这里主要基于 JDK1.8 版本的 HashMap 源码进行分析。Map 相关的类图如下所示:
HashMap构造
HashMap 有两个参数影响其性能:初始容量和加载因子。容量是哈希表中桶的数量,初始容量是哈希表在创建时的容量。加载因子是哈希表在其容量自动增加之前可以达到多满的一种尺度。
HashMap 提供了三种构造函数。第一种通过直接设置初始容量和加载因子。
/**
* Constructs an empty HashMap with the specified initial
* capacity and load factor.
*
* @param initialCapacity the initial capacity
* @param loadFactor the load factor
* @throws IllegalArgumentException if the initial capacity is negative
* or the load factor is nonpositive
*/
public HashMap(int initialCapacity, float loadFactor) {
//初始容量为负,则抛出
if (initialCapacity < 0)
throw new IllegalArgumentException("Illegal initial capacity: " +
initialCapacity);
//大于最大容量则设为最大容量
if (initialCapacity > MAXIMUM_CAPACITY)
initialCapacity = MAXIMUM_CAPACITY;
//检测加载因子是否是正数
if (loadFactor <= 0 || Float.isNaN(loadFactor))

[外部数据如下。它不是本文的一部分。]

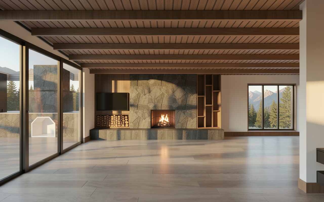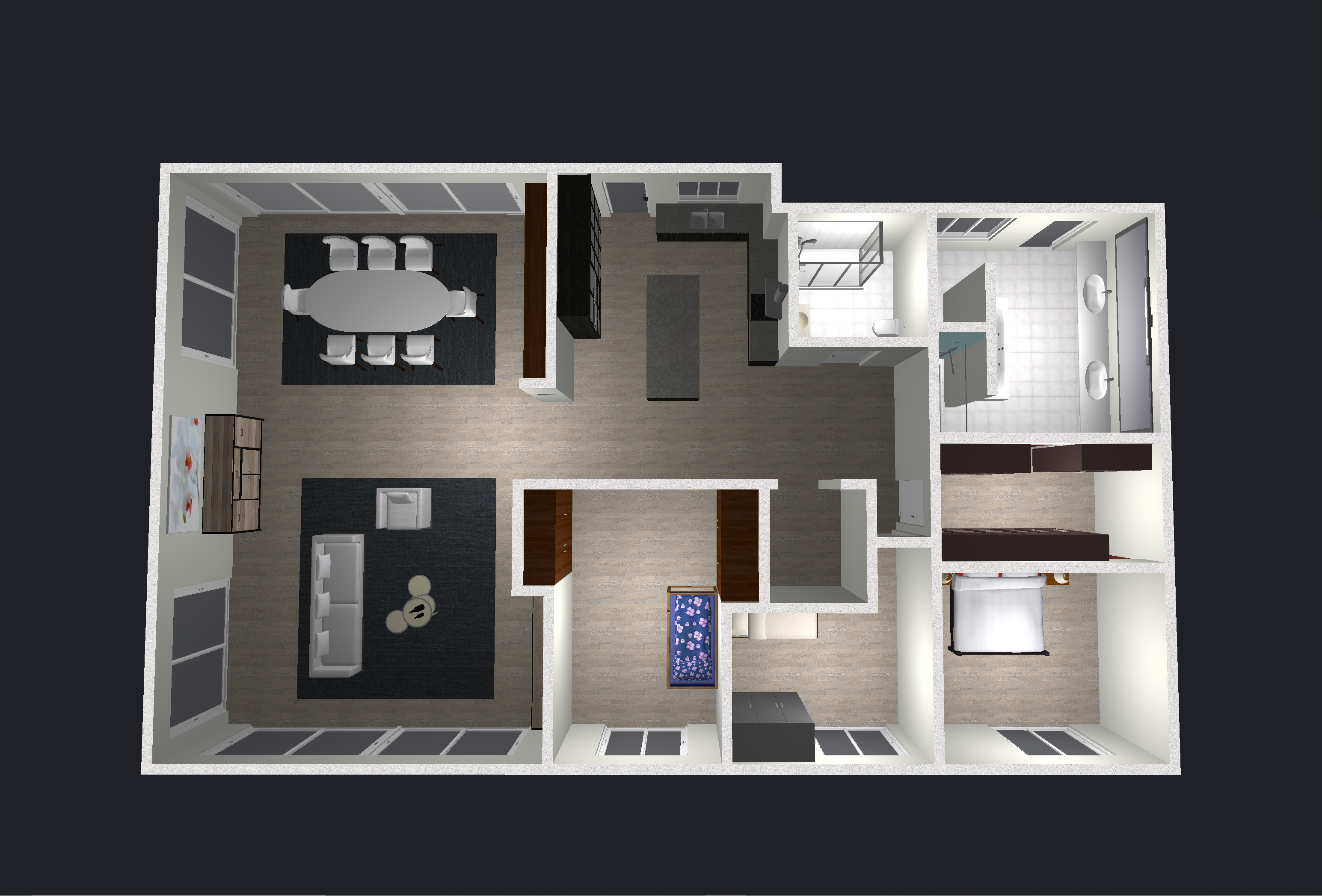 genau dieses rendering berarbeiten fotorealistisches innenraum foto exakt dieselbe perspektive und kameraposition wie das hochgeladene referenzbild 100 identische raumgeometrie exakt gleiche m belanordnung exakt gleiche verlegeart und richtung von platten und parket wie vorlage exakt identische fensterpositionen mit gleichem ausblick durch die fenster das bad oben rechts hat plattenbelag mit beigem marmor die dusche oben rechts hat ebenfalls beiger plattenbelag weiches nat rliches tageslicht leicht schr g einfallende sonne durch die grossen fenster zus tzlich alle r ume k nstlich hell ausleuchten sanfte realistische schatten blickrichtung ist nach norden sonnenlicht kommt von s den deckenbeleuchtungen in den r umen anbringen realistische materialien echte holztexturen stoff mit leichten gebrauchsspuren hochwertige oberfl chenreflexionen kleine gr npflanzen bilder an weissen innenw nden blumen in vasen auf tischen einbauen alle m bel ersetzen mit designerm bel alle fenster mit hellbeigen transparenten vorh ngen ganzer grundriss freistellen und hintergrund anthrazit mit reflektionen nat rliche farbwiedergabe leicht warme farbstimmung golden hour feeling das bild muss wie eine professionelle fotografie aussehen es soll ein echtes und reales foto sein canon eos r5 35 mm festbrennweite f 2 8 hyperrealistisch dslr qualit t raw aufnahme 8k aufl sung extrem scharf perfekte tiefensch rfe professionelle architekturfotografie

throw new IllegalArgumentException("Illegal load factor: " +
loadFactor);
this.loadFactor = loadFactor;
//将初始容量转为向上最近的2的次方。例如初始为9转为16
this.threshold = tableSizeFor(initialCapacity);
}第二种设置初始容量,使用默认的加载因子。
/**
* Constructs an empty HashMap with the specified initial
* capacity and the default load factor (0.75).
*
* @param initialCapacity the initial capacity.
* @throws IllegalArgumentException if the initial capacity is negative.
*/
public HashMap(int initialCapacity) {
this(initialCapacity, DEFAULT_LOAD_FACTOR);
}第三种两个参数都使用默认的设置。初始容量16,加载因子0.75。
/**
* Constructs an empty HashMap with the default initial capacity
* (16) and the default load factor (0.75).
*/
public HashMap() {
this.loadFactor = DEFAULT_LOAD_FACTOR; // all other fields defaulted
}构造函数主要完成两个参数的设置,真正初始化散列表是等到添加元素的时候才进行。
HashMap 主要方法
put 方法
/**
* Associates the specified value with the specified key in this map.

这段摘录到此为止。